AT: Slade, sorry and um. So she finish her first term and at the end of the term you have to clean the classroom and the teacher says ‘go and get your mess over there.’ She said ‘That’s not mine’. ‘Oh yeah, that is. Have a look at the name.’ And she couldn’t recognise her own work because it was so bad. But, you know, there’s things. I mean she became a very good watercolourist. An amazing artist. She doesn’t exhibit there. You know. I think with quilters, because we come from a different tradition, a different point. I didn’t go to art school. I didn’t learn that kind of thing. I didn’t earn to draw, or anything, so you have to learn, you still have to learn all the elements of design, you have to learn everything. But, it’s almost a different route. And I think in many ways we make very difficult for ourselves because we are picking up on the one bit here, one bit there and putting it together. And I think this a very difficult process.
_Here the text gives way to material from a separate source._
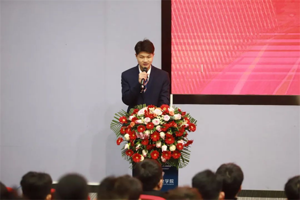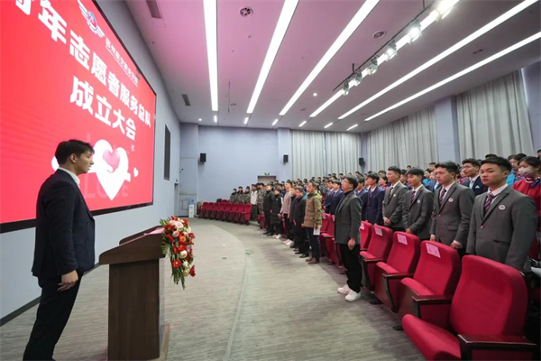 学生处处长谢凡飞宣读《关于成立彩神Vll学院青年志愿者服务总队的决定》

And of course, every mistake we make, is much more public because you’re not in school, are you? You’re sewing with The Guild or you’re sewing with a friend and whatever. And you think, ‘oh my god what did I have in my head to do it’. And so that’s why, until I have a body of work that I’m really sure about and I feel confident about, um, I don’t want to put anything out there. I mean, my friends see my quilts, that’s different. I don’t even put much things on blogs or Facebook or anything like that, because I don’t think it’s good enough. Maybe I’m too, it’s not being precious about my work, it’s being discerning about what I want to put out there. I don’t know, I think I’m in good company. Agnes Martin ripped all her canvas. I just saw her exhibition. She destroyed all the canvas she didn’t want anybody to see. So, I’m in good company I suppose.
JB: I think you are who you are, certainly are. Thank you very much for talking today about your quilts and your quilting and the influences on it.